1. A vertical seawater lock is 4m wide and 2m high. The water level is 2 m above the base of the lock on one side, there being no water on the other side. The mass of the lock is 2.5 t and the coefficient of friction between the lock and the slides is 0.25. Determine the force necessary to raise the lock. (Density of seawater = 1025 kg/m3)

To determine the force necessary to raise the lock, we need to consider two factors: the weight of the lock and the friction between the lock and the slides.

Step 1: Calculate the weight of the lock.
The weight of an object can be calculated using the formula:
Weight = mass * acceleration due to gravity (g)
Given that the mass of the lock is 2.5 t, we need to convert it to kilograms:
1 t = 1000 kg
So, the mass of the lock in kilograms is:
2.5 t * 1000 kg/t = 2500 kg

Using the acceleration due to gravity (g) as 9.8 m/s^2, we can calculate the weight of the lock:
Weight = 2500 kg * 9.8 m/s^2
Weight = 24,500 N

Step 2: Calculate the frictional force.
The frictional force can be calculated using the formula:
Frictional Force = coefficient of friction * Normal force
The normal force is the force exerted by the lock on the slides perpendicular to them.

The normal force can be determined by considering the water pressure at the base of the lock. The pressure at a certain depth in a fluid can be calculated as:
Pressure = density of fluid * gravity * height

The density of seawater is given as 1025 kg/m^3, so the pressure at the base of the lock can be calculated as:
Pressure = 1025 kg/m^3 * 9.8 m/s^2 * 2 m
Pressure = 20,090 N/m^2

The normal force is equal to the pressure at the base of the lock multiplied by the area of the lock:
Normal force = pressure * area
Area = width * height
Area = 4 m * 2 m = 8 m^2

Normal force = 20,090 N/m^2 * 8 m^2
Normal force = 160,720 N

Then, we can calculate the frictional force:
Frictional force = 0.25 * 160,720 N
Frictional force = 40,180 N

Step 3: Calculate the force necessary to raise the lock.
The force necessary to raise the lock is equal to the weight of the lock plus the frictional force:
Force necessary to raise the lock = weight + frictional force
Force necessary to raise the lock = 24,500 N + 40,180 N
Force necessary to raise the lock = 64,680 N

Therefore, the force necessary to raise the lock is 64,680 N.
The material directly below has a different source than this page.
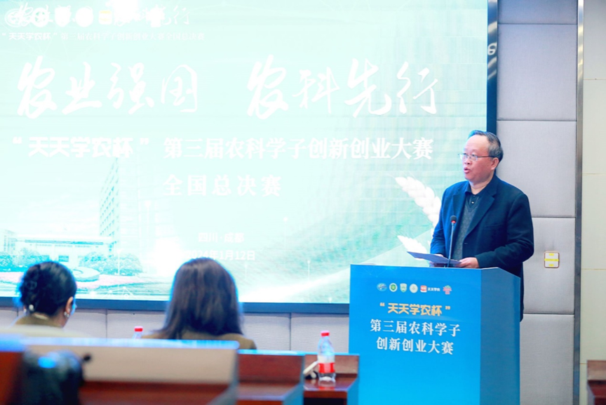 近日,“天天学农杯”第三届农科学子创新创业大赛全国总决赛在我校成都校区成功举办。总决赛邀请了作物学会人才培养与教育专业委员会、中国农业大学、华中农业大学、东北农业大学、tyc41183太阳成集团等高校领导、专家,深圳市天天学农网络科技有限公司、佳沛泽普果业(上海)有限公司相关领导出席并担任评委,校党委副书记张强出席活动并发表开幕致辞。
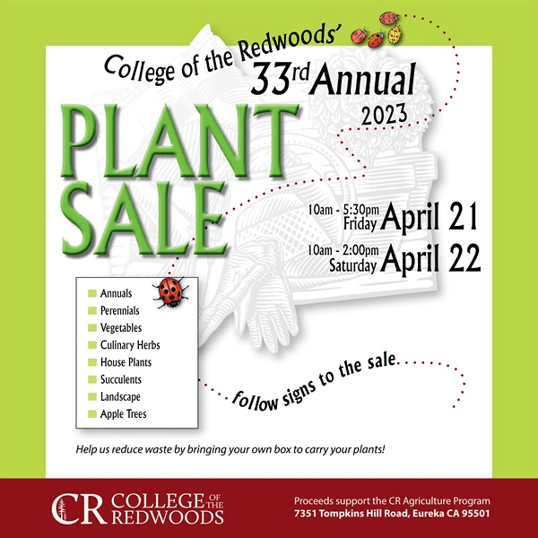 It’s that time of year! College of the Redwoods agricultural program is hosting a Spring Plant Sale on April 21 and April 22 at the College of the Redwoods campus.

To determine the force necessary to raise the lock, we need to consider the buoyant force and the force due to friction.

1. Buoyant force:
The buoyant force is the upward force exerted on an object submerged in a fluid. It can be calculated using the formula:

F_buoyant = density * volume * g

In this case, the density of seawater is 1025 kg/m^3. The volume of the lock can be calculated by multiplying the width, height, and depth (which is the water level):

Volume = width * height * depth = 4m * 2m * 2m = 16 m^3

Now we can calculate the buoyant force:

F_buoyant = 1025 kg/m^3 * 16 m^3 * 9.81 m/s^2 = 159,360 N

2. Force due to friction:
The force due to friction is calculated using the equation:

F_friction = coefficient_of_friction * normal_force

The normal force is the force perpendicular to the surface, which in this case is the weight of the lock:

Normal_force = mass * g = 2.5 t * 1000 kg/t * 9.81 m/s^2 = 24,525 N

Now we can calculate the force due to friction:

F_friction = 0.25 * 24,525 N = 6131.25 N

3. Total force:
The force necessary to raise the lock is the sum of the buoyant force and the force due to friction:

Total_force = F_buoyant + F_friction = 159,360 N + 6131.25 N = 165,491.25 N

Therefore, the force necessary to raise the lock is approximately 165,491.25 Newtons.